* **WORK ITEM**
Pictures stay out of the copy; output exactly the lines from the one containing "プラスサイズの女性の 2023 秋服脂肪少女編右肩痩身不規則な" through the end of the material.

* **SUPPLIED DATA**
---+---

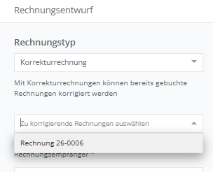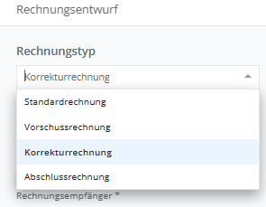 Wählen Sie den Rechnungstyp „Korrekturrechnung“ aus.
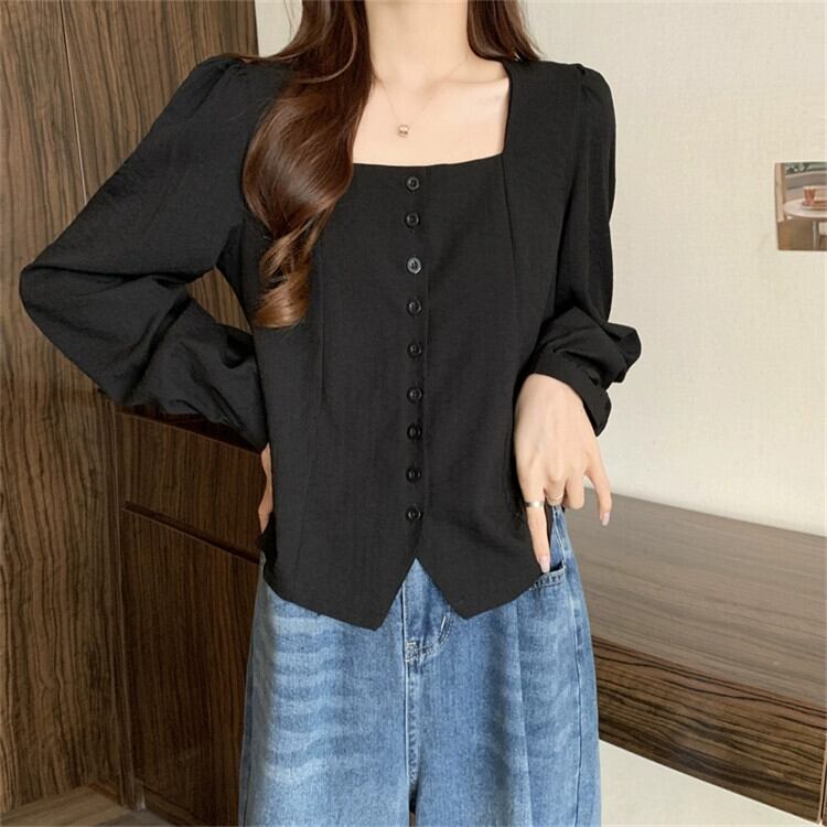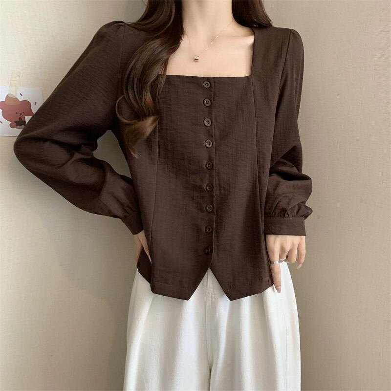 プラスサイズの女性の 2023 秋服脂肪少女編右肩痩身不規則な Tシャツスクエアネック腹カバートップ 大きめサイズ オータム 秋物 スクウェア 888417912717361
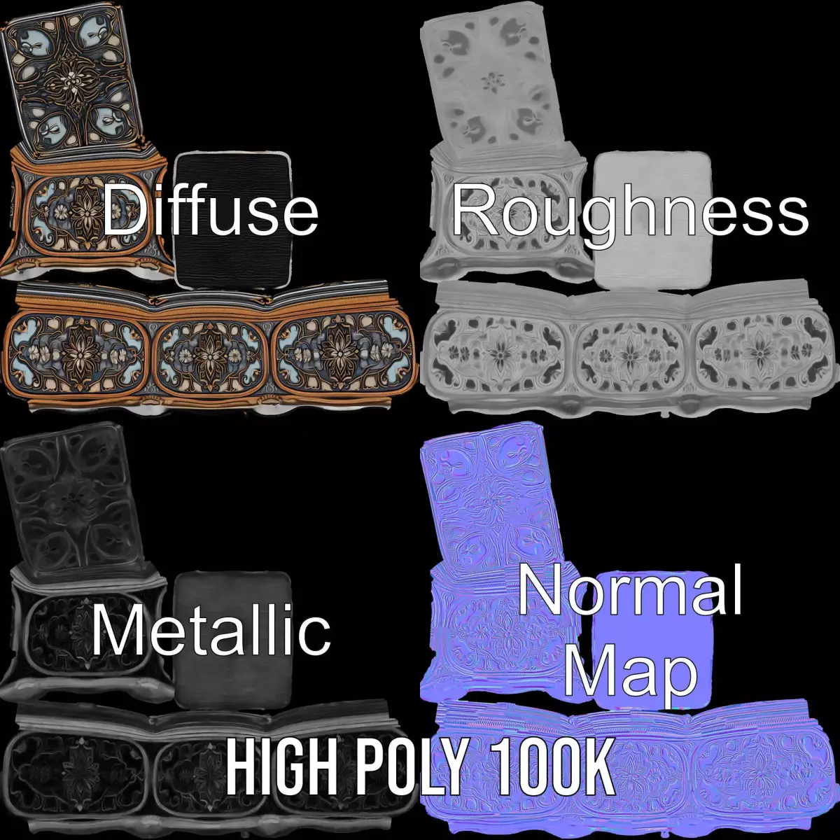 The Elegant Ornate Box model pack features a beautifully designed decorative box ideal for scenes requiring an element of luxury and detail. Each model has 3 levels of detail: low-poly (1000 triangles for mobile), middle-poly (10,000 triangles for environment), and high-poly (100,000 triangles), allowing for use in production rendering, game engines, and interactive presentations. The model's PBR textures include Diffuse, NormalMap, and reflection/roughness/metallic, suitable for any modern rendering engine. All models are accurately unwrapped with no overlapping UVs. Perfect for antique shops, vintage settings, and high-detail close-up renders. Textures are 4096*4096 in size. If you enjoyed this model, please like and leave a comment!

---+---

* **SOLUTION TO THE PROBLEM**
 プラスサイズの女性の 2023 秋服脂肪少女編右肩痩身不規則な Tシャツスクエアネック腹カバートップ 大きめサイズ オータム 秋物 スクウェア 888417912717361
 The Elegant Ornate Box model pack features a beautifully designed decorative box ideal for scenes requiring an element of luxury and detail. Each model has 3 levels of detail: low-poly (1000 triangles for mobile), middle-poly (10,000 triangles for environment), and high-poly (100,000 triangles), allowing for use in production rendering, game engines, and interactive presentations. The model's PBR textures include Diffuse, NormalMap, and reflection/roughness/metallic, suitable for any modern rendering engine. All models are accurately unwrapped with no overlapping UVs. Perfect for antique shops, vintage settings, and high-detail close-up renders. Textures are 4096*4096 in size. If you enjoyed this model, please like and leave a comment!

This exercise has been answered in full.